The concentrations of B, Ca, K, Mg, Na, and Si in the drinking water from each filter are shown in Figure 2. These elements are all expected to occur in drinking water at significant concentrations. A large transient increase in the boron and silicon content of water from the YS filter was observed at 41 and 45 L which coincides with the large decrease in pH of water from that filter (Figure 1). Prior to that point, the YS filter removed B and Si very effectively. After 50 L the YS filter loses selectivity for B and Si. The transient increase appears to be due to the release of previously captured B and Si rather than dissolution of a borosilicate component of the filter medium. The YS filter also loses the ability to remove Na from the water at about 100 L and begins to release Na after that cumulative volume. The release of Na appears to be the from accumulated Na in the filter. None of the other filters demonstrated affinity for Na or Si.

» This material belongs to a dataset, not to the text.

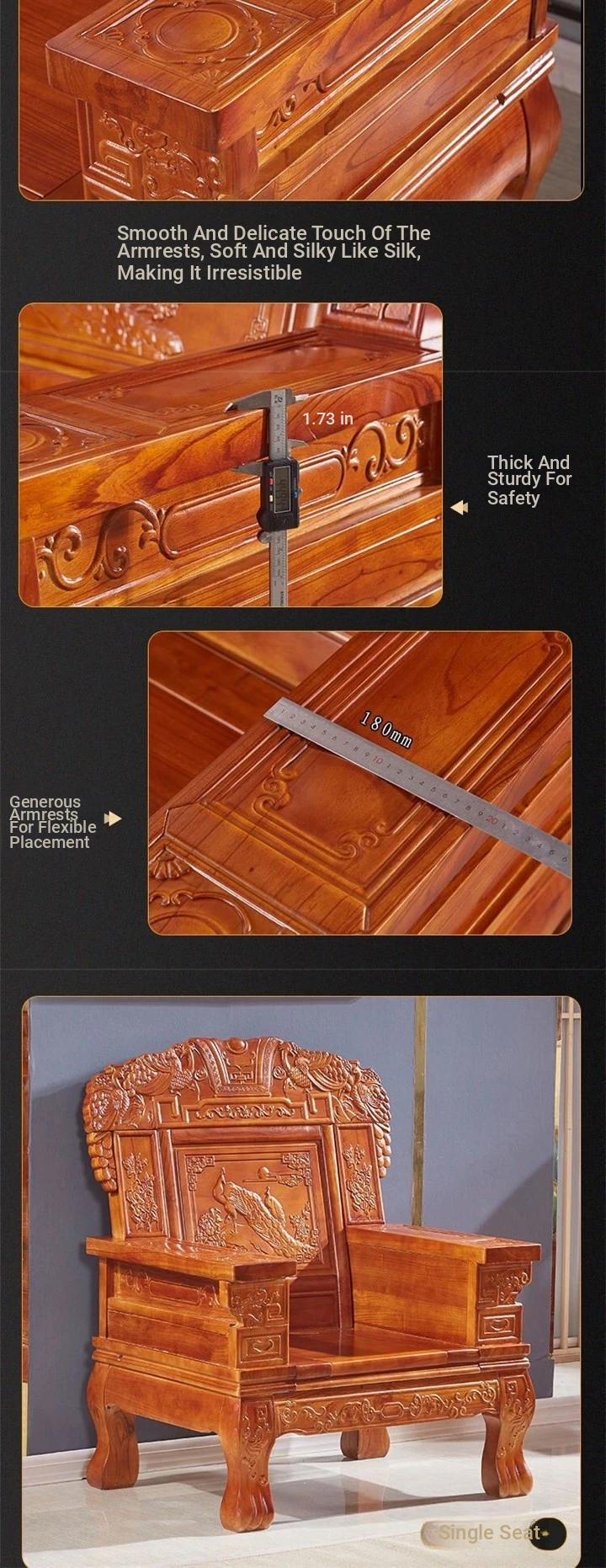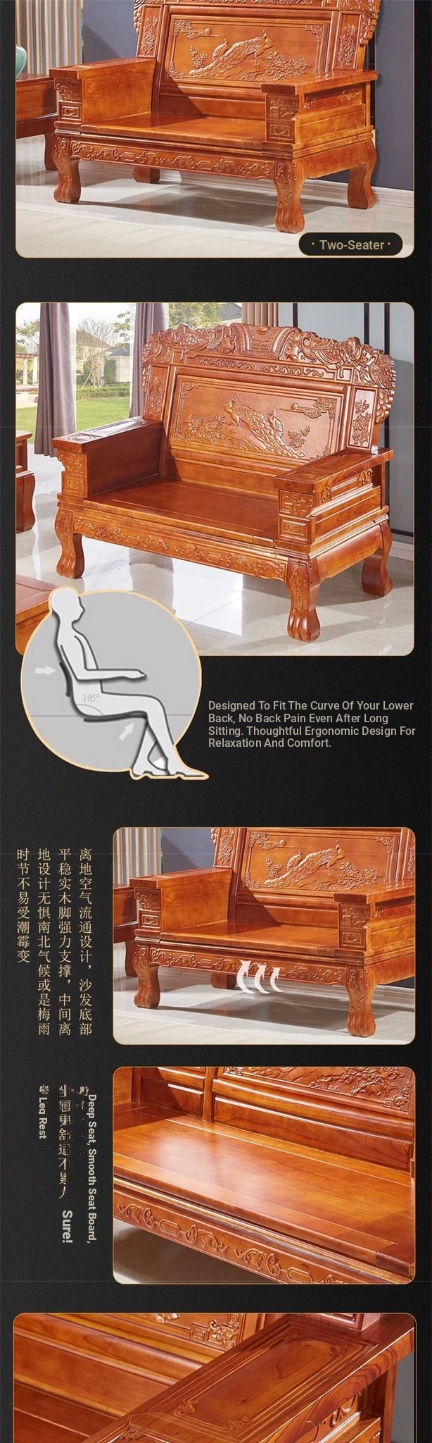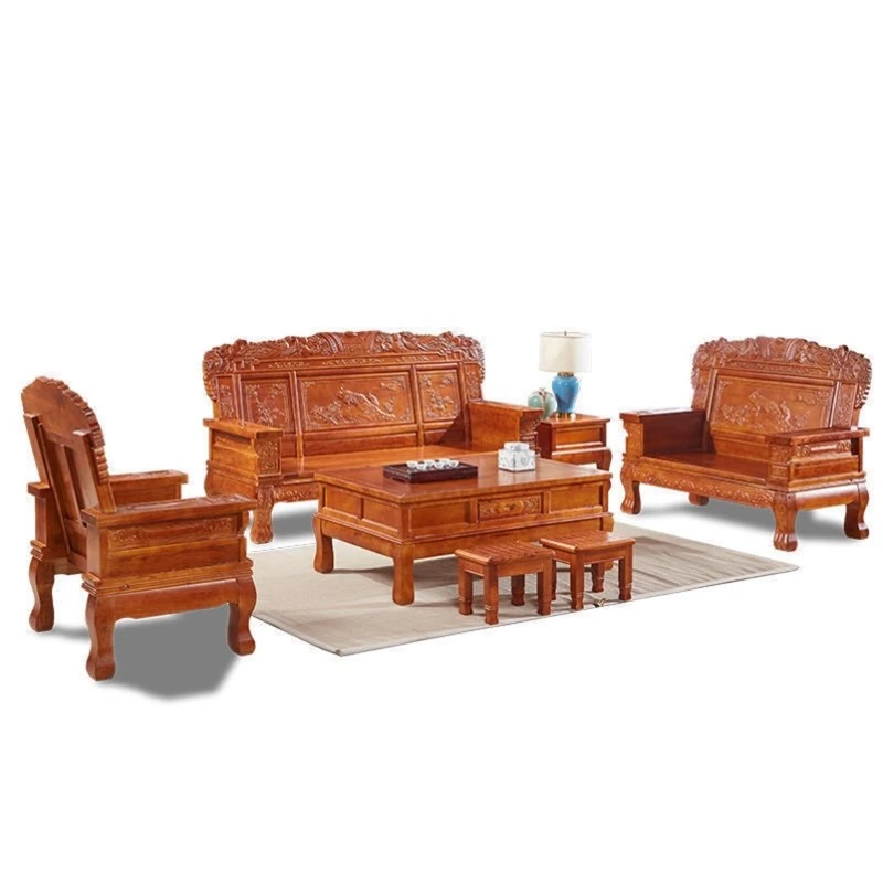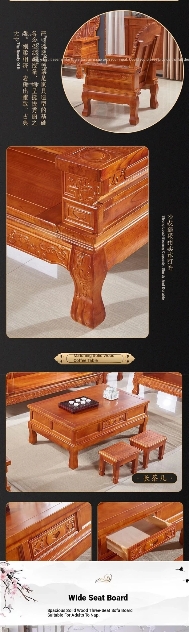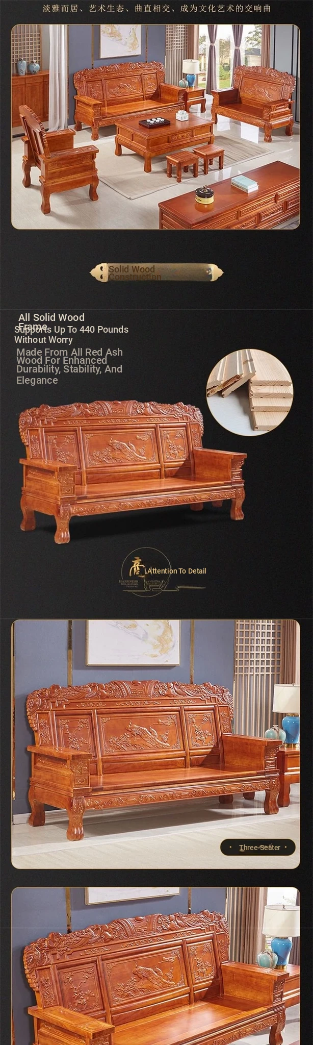 Luxury Solid Wood Sofa Set - Pineapple Wood for Spacious Living Rooms, Featuring Red Camphor and Camphor Wood. Perfect for Rural and Large Homes!

Calcium and magnesium were significantly removed from the drinking water by the CS, OS, and YS filters up to about 50 liters. For the CS and OS filters at volumes greater than 50 L, Mg concentrations were indistinguishable from unfiltered water and Ca concentrations increased toward the unfiltered concentration gradually up to the 163 L limit of the study. The YS filter efficiently removed Mg and Ca over the range of volumes in this study.

The MV and CS filters both initially released large concentrations of K into the filtered water. Presumably K is the ion exchanged by the ion exchange resin in these filters. The release of K is exhausted by about 30 L of filtered water. Coinciding with the decrease in released K from the MV filter is an increase in Mg and Na. The release of Mg is a feature of the MV filter described by the manufacturer. Similarly, the OS filter released Na up to 50 L of filtered water. For all three filters (CS, MV, and OS) the cessation of the release of Na and K coincides with a loss of ability to remove Mg and Ca from the water.

Figure 2: Concentrations of six common elements in the tap water. Brand UF is the unfiltered tap water. Round 1 and 2 refer to tests in which 1 L and 3 L , respectively, of tap water were poured through the filter daily.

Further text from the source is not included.